[Opening AVAILABLE RECORDS section]
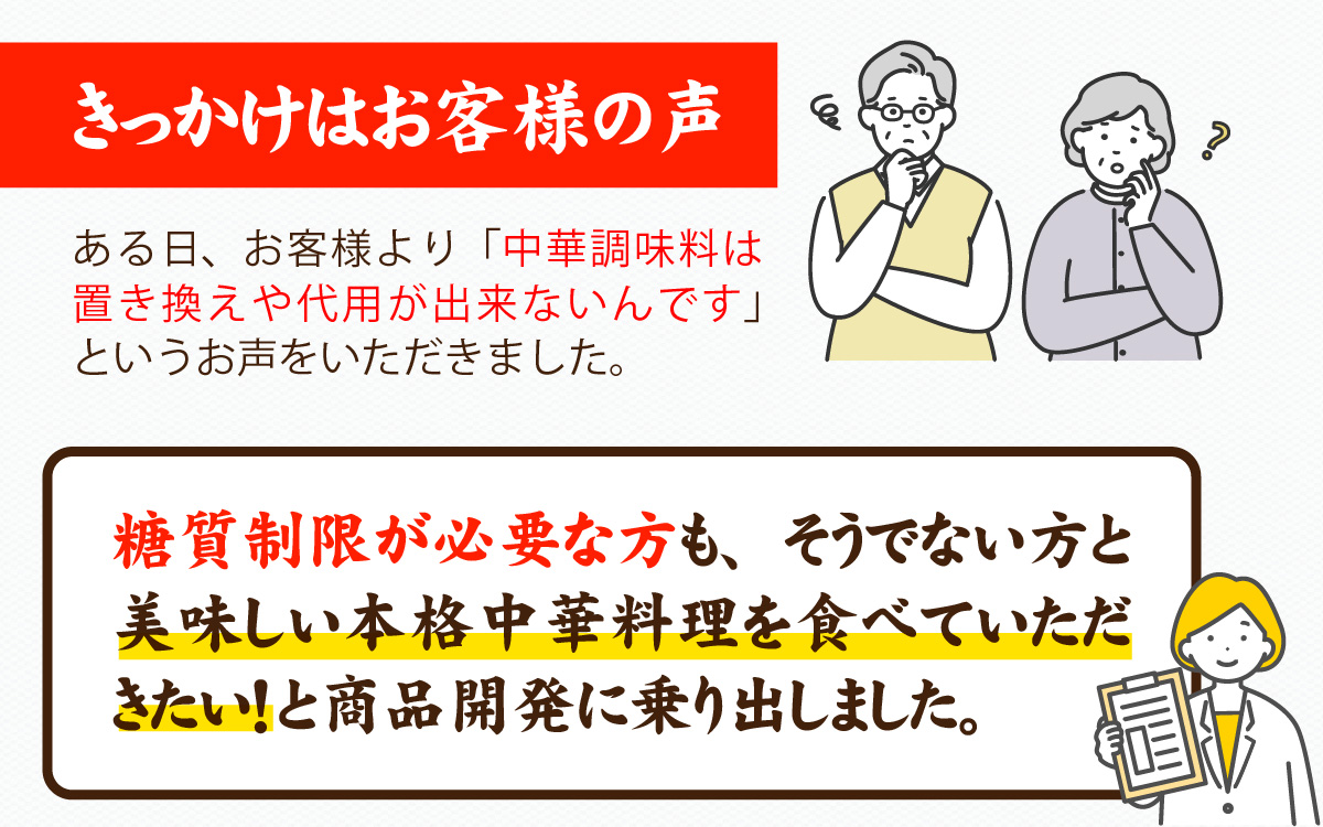 調味料の糖質を気にせず本格的な中華料理を楽しみたいというお声をきっかけに、当社が掲げる「家族みんなが同じおいしさを共有できる」という想いのもと、糖質制限が必要な方も、そうでない方も一緒に美味しい本格中華料理を味わっていただきたい!
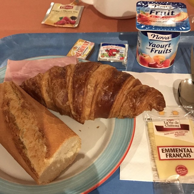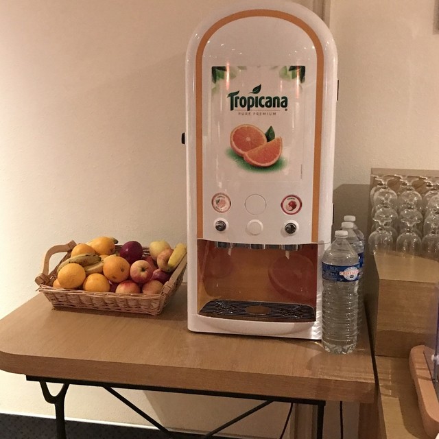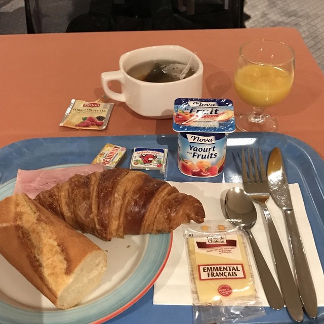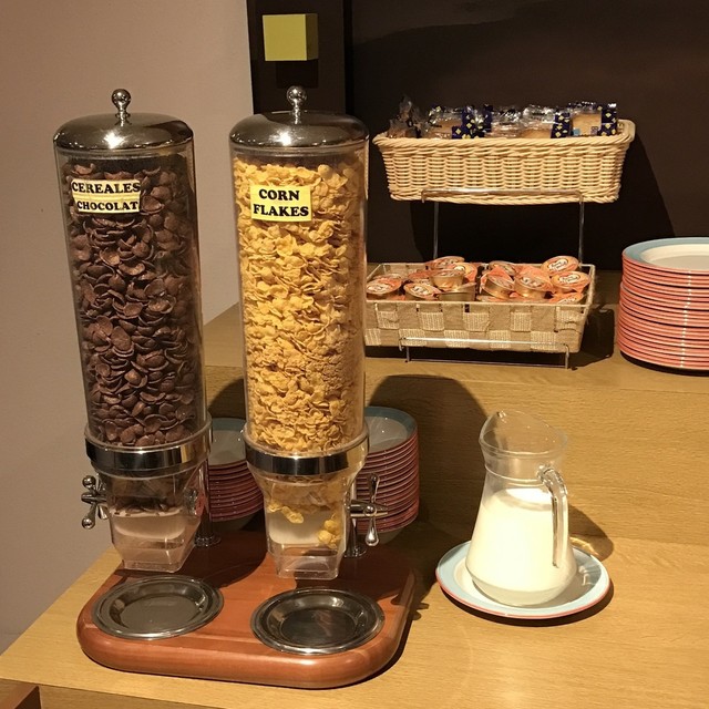 朝食はチーズ2種、ヨーグルト、りんご、バナナ、オレンジ、クロワッサン、バゲット、ジャム3種、ハム、フレーク、トロピカーナのオレンジとりんごのサーバー、ホットドリンクマシーン
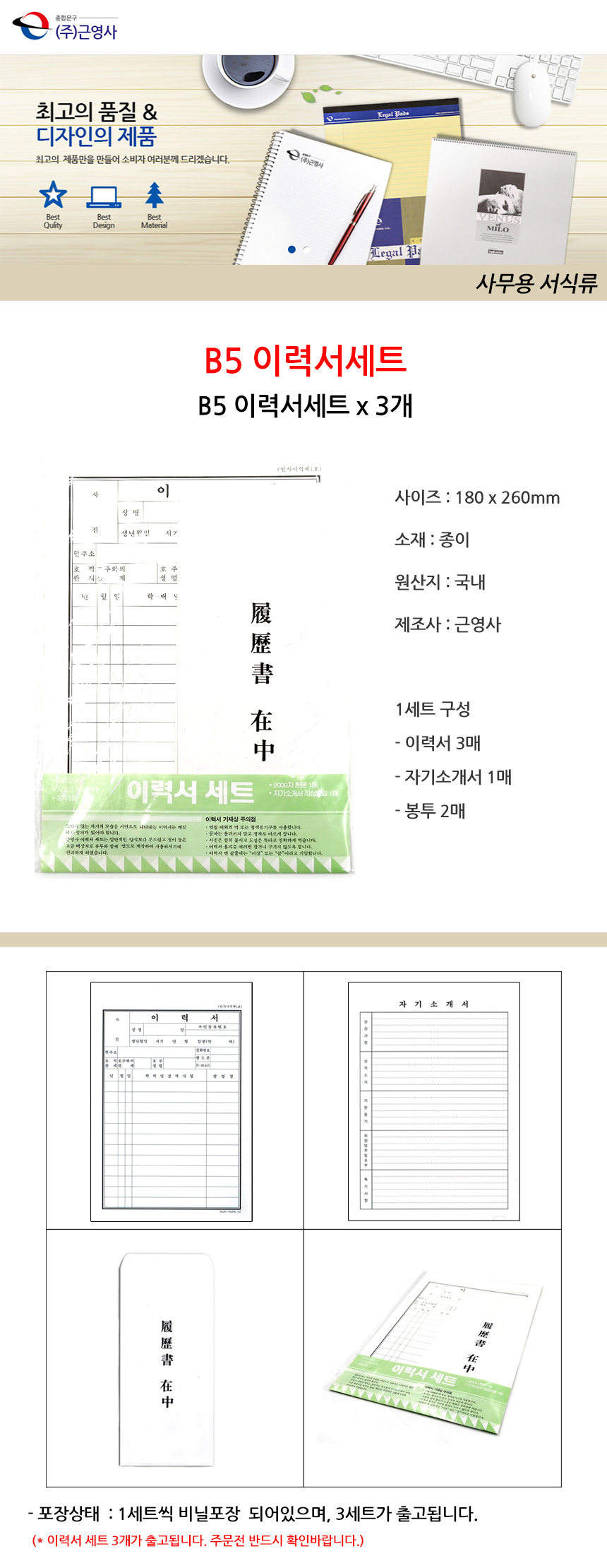 문구3 생활용품 근영사 B5 이력서세트 3개입
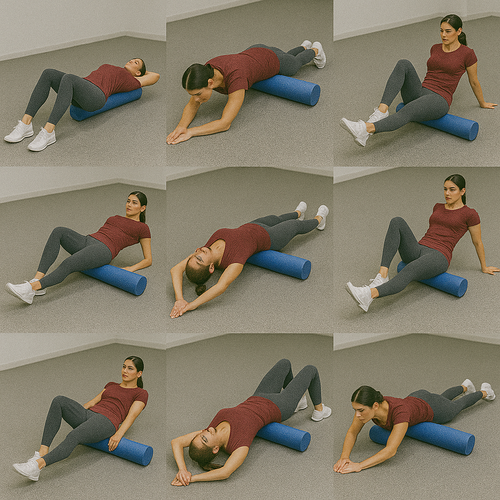 - 등 라인 스트레칭 (1~2분): 폼롤러를 등 아래에 두고 팔을 머리 위로 뻗으며 등 라인을 풀어준다.
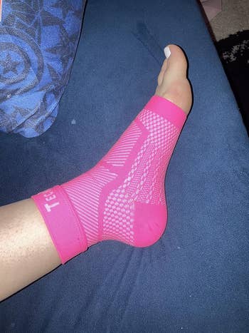 Promising review: "I wear this half a day on badly damaged ankle that tends to swell. This brace helps to decrease the amount of swelling. Bought another one because works well and is comfy to wear, fits in most shoes with my socks over it. Bought a size up so not too tight. The closed back does not irritate my Achilles tendon as the open back ones do." —NancyJ
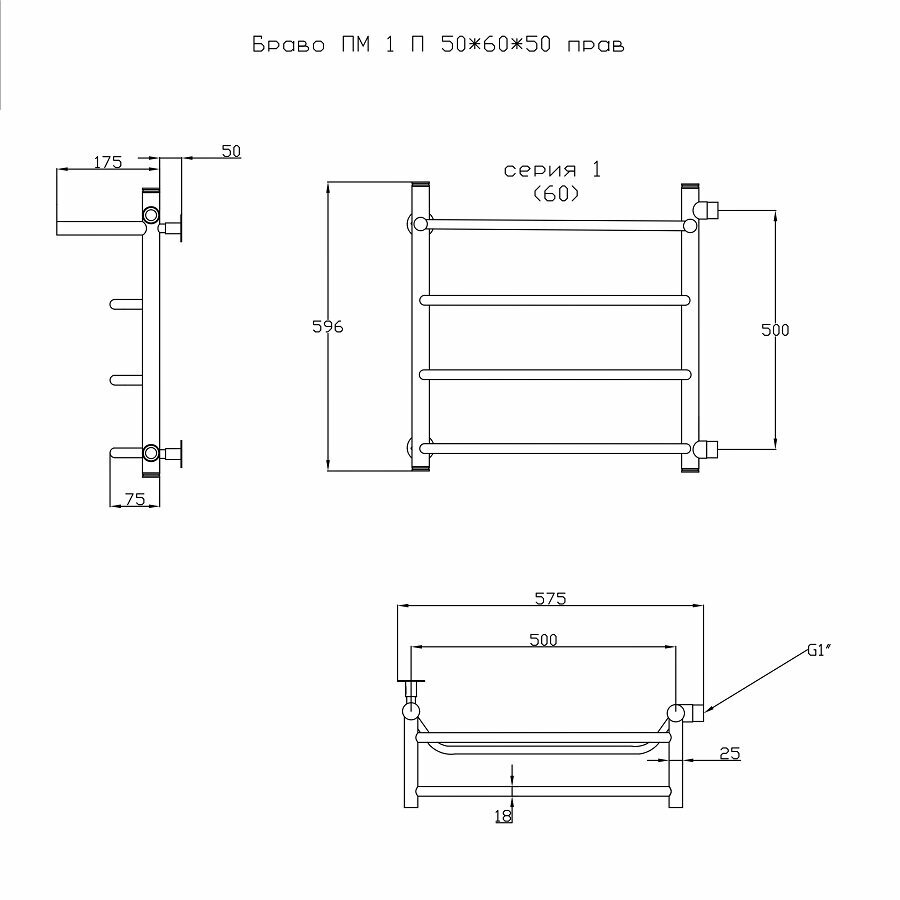 Полотенцесушитель Браво ПМ 1 П 50*60*50 прав
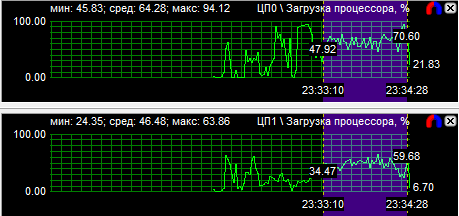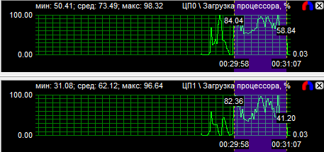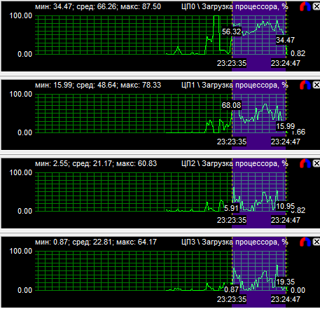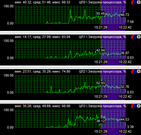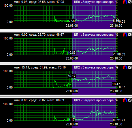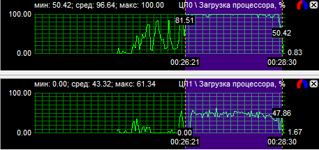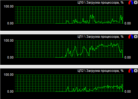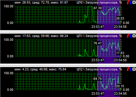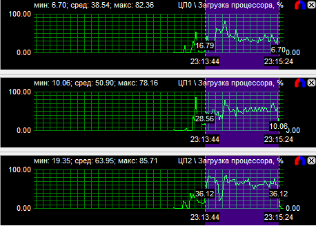 Рассмотрев диаграммы загрузки процессоров, мы видим, что у четырехъядерного процессора загружены все ядра, но неравномерно, большая нагрузка лежит на двух ядрах из четырех. У трехъядерного процессора также неравномерно загружены все ядра, зато двухъядерник может похвастаться равной производительностью своих вычислительных CPU. Средняя загрузка четырехядерного процессора равна 40,9%, трехъядерного - 51,1% и двухъядерного - 77,6%.
[Closing AVAILABLE RECORDS section]
* _THE PROBLEM_
When you copy the data above, keep each line exact and omit the pictures.

* _TASK RESULT_
 調味料の糖質を気にせず本格的な中華料理を楽しみたいというお声をきっかけに、当社が掲げる「家族みんなが同じおいしさを共有できる」という想いのもと、糖質制限が必要な方も、そうでない方も一緒に美味しい本格中華料理を味わっていただきたい!
 朝食はチーズ2種、ヨーグルト、りんご、バナナ、オレンジ、クロワッサン、バゲット、ジャム3種、ハム、フレーク、トロピカーナのオレンジとりんごのサーバー、ホットドリンクマシーン
 문구3 생활용품 근영사 B5 이력서세트 3개입
 - 등 라인 스트레칭 (1~2분): 폼롤러를 등 아래에 두고 팔을 머리 위로 뻗으며 등 라인을 풀어준다.
 Promising review: "I wear this half a day on badly damaged ankle that tends to swell. This brace helps to decrease the amount of swelling. Bought another one because works well and is comfy to wear, fits in most shoes with my socks over it. Bought a size up so not too tight. The closed back does not irritate my Achilles tendon as the open back ones do." —NancyJ
 Полотенцесушитель Браво ПМ 1 П 50*60*50 прав
 Рассмотрев диаграммы загрузки процессоров, мы видим, что у четырехъядерного процессора загружены все ядра, но неравномерно, большая нагрузка лежит на двух ядрах из четырех. У трехъядерного процессора также неравномерно загружены все ядра, зато двухъядерник может похвастаться равной производительностью своих вычислительных CPU. Средняя загрузка четырехядерного процессора равна 40,9%, трехъядерного - 51,1% и двухъядерного - 77,6%.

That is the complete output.